WHAT TO PRODUCE → Retype only the lines running from the beginning of the entries below to the line with "床头柜上方的壁灯则作为起夜灯,同样能够烘托静谧的氛围感。", both included. Do not include pictures.

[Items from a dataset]
※

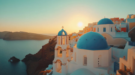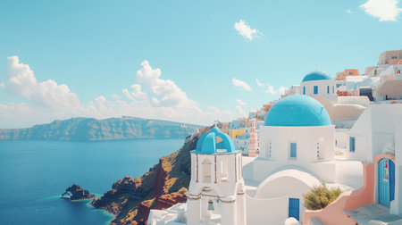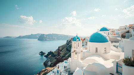 Experience the breathtaking beauty of Santorini with stunning blue domes overlooking the serene ocean. This picturesque landscape captures the essence of Mediterranean life and travel.
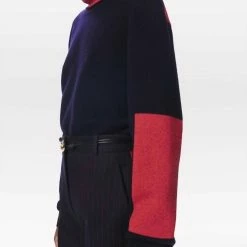 Victoria Beckham women Contrast Detail Polo Neck Jumper in Navy/Red
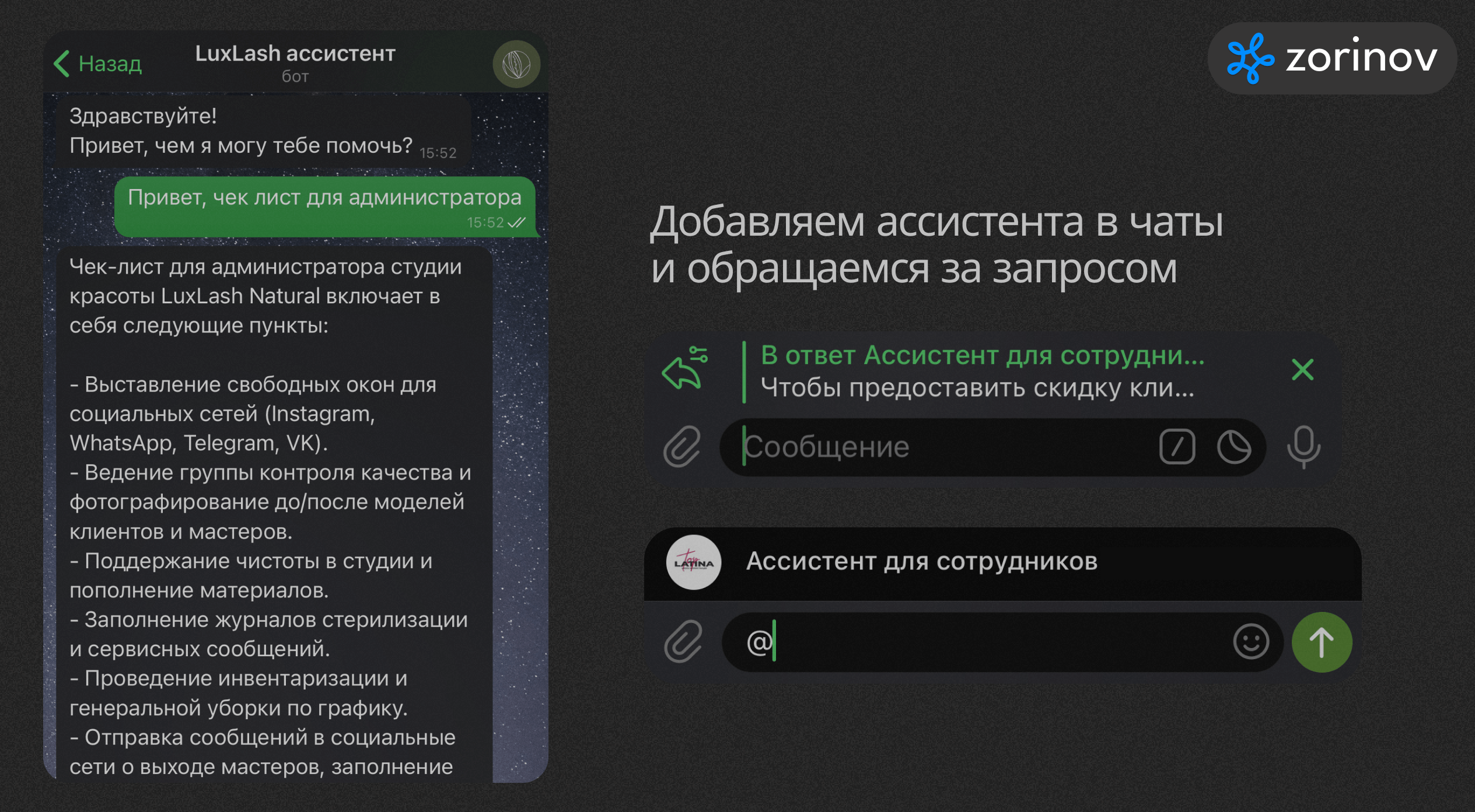 Если вы хотите попробовать такого чат бота и узнать, как можно внедрить нейросети именно в ваш сферу, напишите ему сами! Это наш ассистент, который проконсультирует вас: https://t.me/zorinov_agency_bot
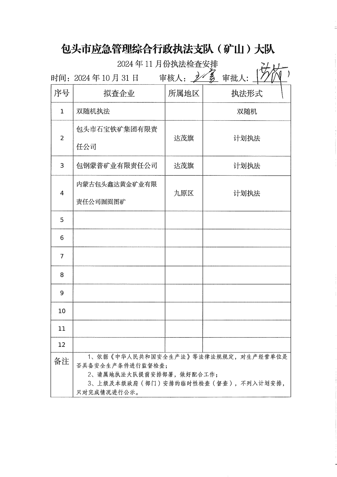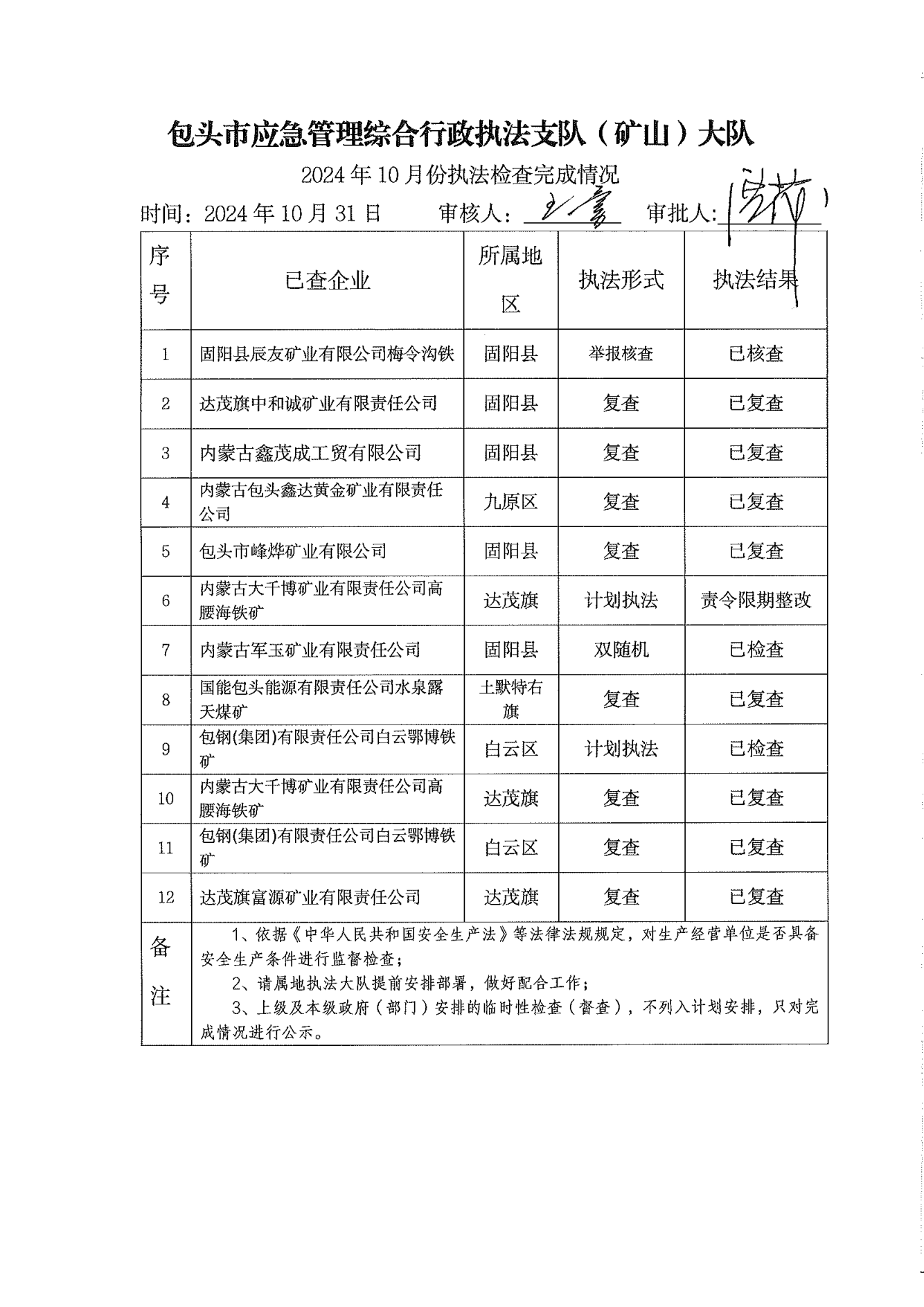 市应急执法支队矿山安全执法大队2024年10月份执法检查完成情况及2024年11月份执法检查安排公示
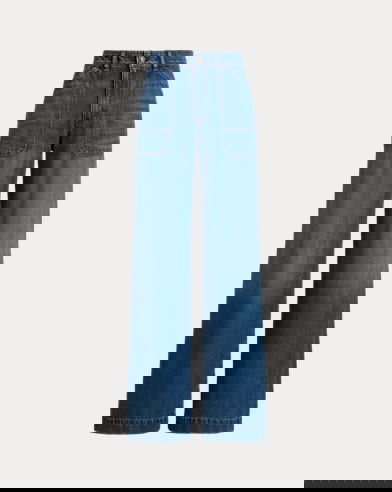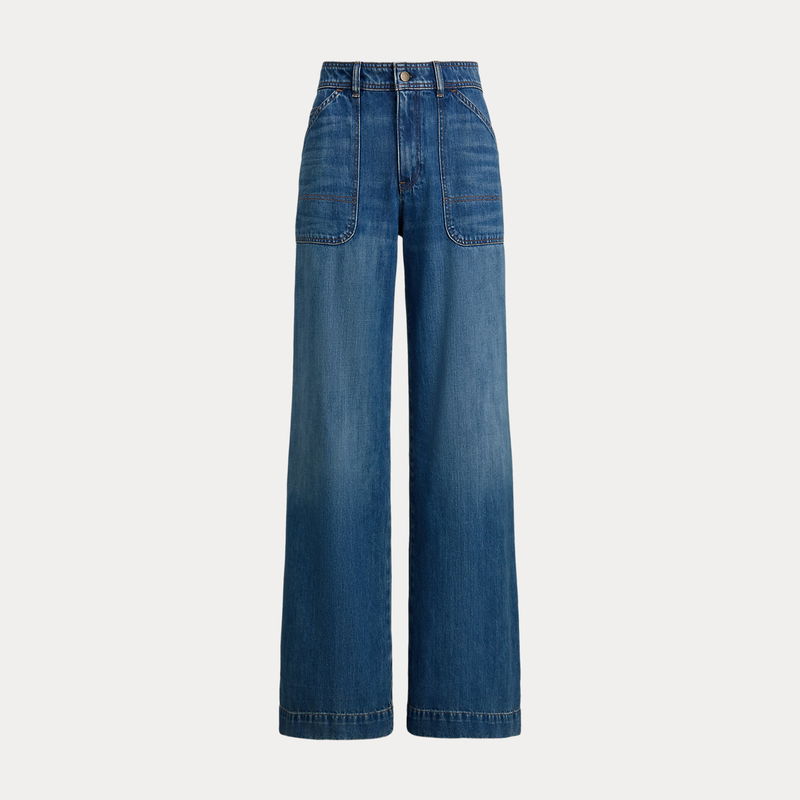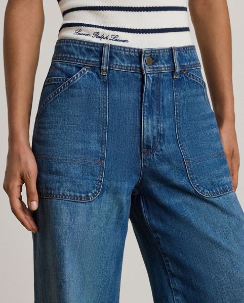 Crafted from comfortable medium-wash denim, these high-rise jeans feature a chic wide-leg silhouette and utility-inspired pockets.
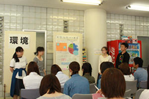 本校普通科・総合学科2年次生を対象に夏に実施している宿泊研修で,総合学科生77名が株式会社野村総合研究所を訪問しました。訪問先では「コンサル一日体験プログラム」(起業・まちづくり分野)・「IT戦略体験プログラム」(ものづくり・環境分野)の2つのグループに分かれての体験を行いました。この訪問は初めての試みでしたが,歓待を受けて非常に和やかなムードの中,「人気のないある企業のサッカーチームの観客動員数を増やすために」や,「コンビニの売り上げを上げるために」といったテーマについて,データ等の資料をもとにディスカッションや発表を行いました。
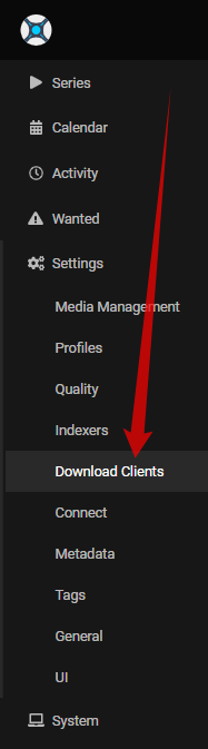 First, we navigate in Sonarr to the Settings => Download Clients tab.
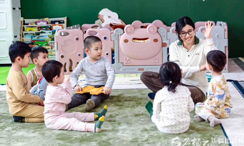 2月27日,老师在乌鲁木齐市天山区赛马场街道赛马场西社区邻里中心设立的亲子中心与小朋友玩耍。
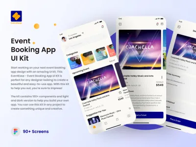 该套件拥有 90 多个漂亮的明暗主题屏幕和 100 多个可定制组件,是任何想要创建视觉效果惊人且用户友好的活动预订应用程序的设计师的完美工具。
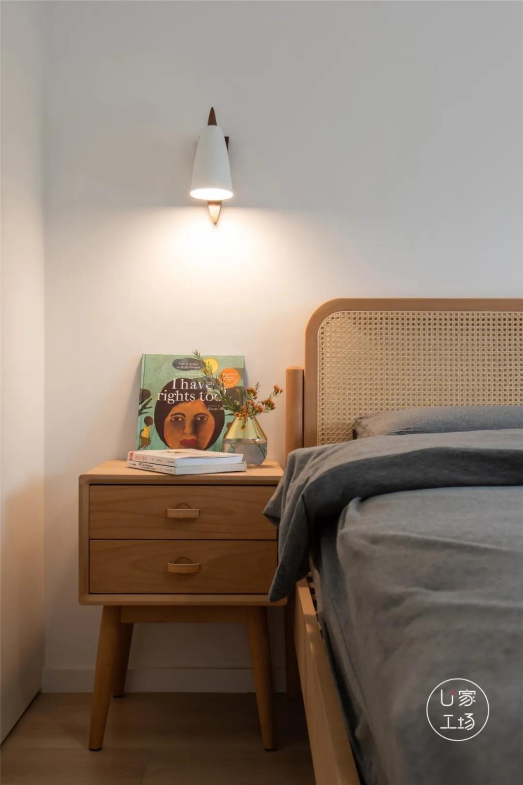 床头柜上方的壁灯则作为起夜灯,同样能够烘托静谧的氛围感。
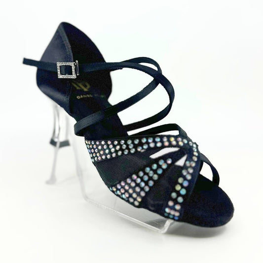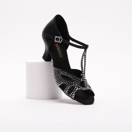 Ladies, Classic, Peep Toe, T-Bar, 2.25 Inch, Spanish Heel, Dance Shoe in Shimmer Black Satin with Silver Rhinestone - (S203B)
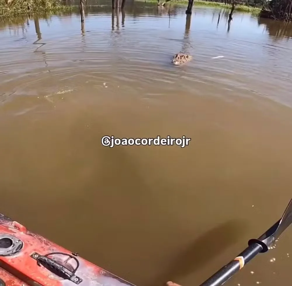 “Meu coração disparou. Eu não tinha nada pra me defender, era só o remo. Foi a primeira vez que aconteceu de um jacaré desse porte vir para cima, mas graças a Deus deu tudo certo”, disse.
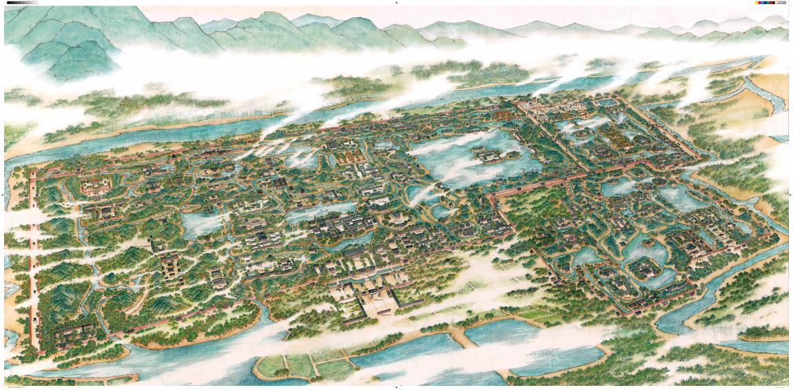《北京周邊山區歷史景觀圖》系“十三五”國家重點圖書規劃項目,是由學苑出版社組織、策劃、出版,原北京市古代建筑研究所、北京大學、清華大學、北京師范大學、北京理工大學、北京建筑大學等科研院所及北京各區文物專家學者共同參與、審定的一項文化工程。階段性項目成果包括景觀圖長卷1幅(幅寬0.6米、長108米),從房山區琉璃河遺址起,至遵化清東陵止;遺產點單幅圖17幅,如云居寺、上方山、頤和園、圓明園、明十三陵、居庸關等,另有解讀圖書、文創產品若干。
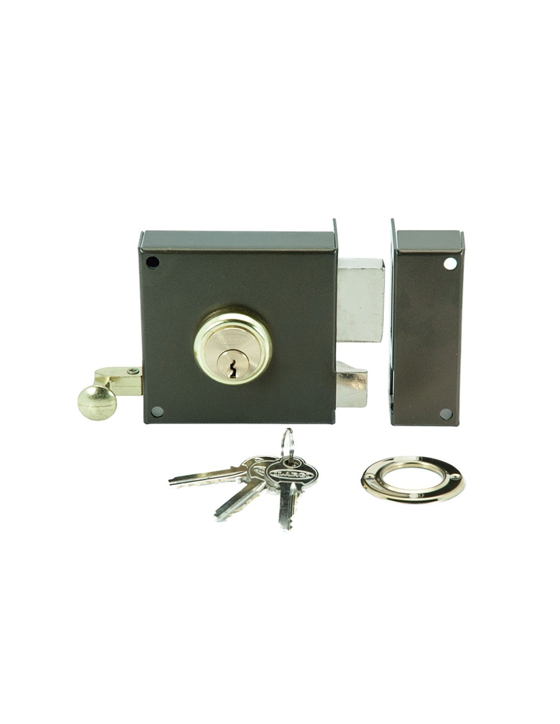 Cerradura sobreponer ILARGI 125A Cilindro de serreta y tirador accionado con llave por ambos lados. Picaporte accionaado con llave y tirador por el interior. Incluye 3 llaves. Cilindro redondo. Entrada 60 mm.
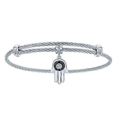 / STERLING SILVER & STAINLESS STEEL ADJUSTABLE BANGLE WITH BLACK SPINEL AND WHITE SAPPHIRE HAMSA CHARM

※

FINISHED EXERCISE →
 Experience the breathtaking beauty of Santorini with stunning blue domes overlooking the serene ocean. This picturesque landscape captures the essence of Mediterranean life and travel.
 Victoria Beckham women Contrast Detail Polo Neck Jumper in Navy/Red
 Если вы хотите попробовать такого чат бота и узнать, как можно внедрить нейросети именно в ваш сферу, напишите ему сами! Это наш ассистент, который проконсультирует вас: https://t.me/zorinov_agency_bot
 市应急执法支队矿山安全执法大队2024年10月份执法检查完成情况及2024年11月份执法检查安排公示
 Crafted from comfortable medium-wash denim, these high-rise jeans feature a chic wide-leg silhouette and utility-inspired pockets.
 本校普通科・総合学科2年次生を対象に夏に実施している宿泊研修で,総合学科生77名が株式会社野村総合研究所を訪問しました。訪問先では「コンサル一日体験プログラム」(起業・まちづくり分野)・「IT戦略体験プログラム」(ものづくり・環境分野)の2つのグループに分かれての体験を行いました。この訪問は初めての試みでしたが,歓待を受けて非常に和やかなムードの中,「人気のないある企業のサッカーチームの観客動員数を増やすために」や,「コンビニの売り上げを上げるために」といったテーマについて,データ等の資料をもとにディスカッションや発表を行いました。
 First, we navigate in Sonarr to the Settings => Download Clients tab.
 2月27日,老师在乌鲁木齐市天山区赛马场街道赛马场西社区邻里中心设立的亲子中心与小朋友玩耍。
 该套件拥有 90 多个漂亮的明暗主题屏幕和 100 多个可定制组件,是任何想要创建视觉效果惊人且用户友好的活动预订应用程序的设计师的完美工具。
 床头柜上方的壁灯则作为起夜灯,同样能够烘托静谧的氛围感。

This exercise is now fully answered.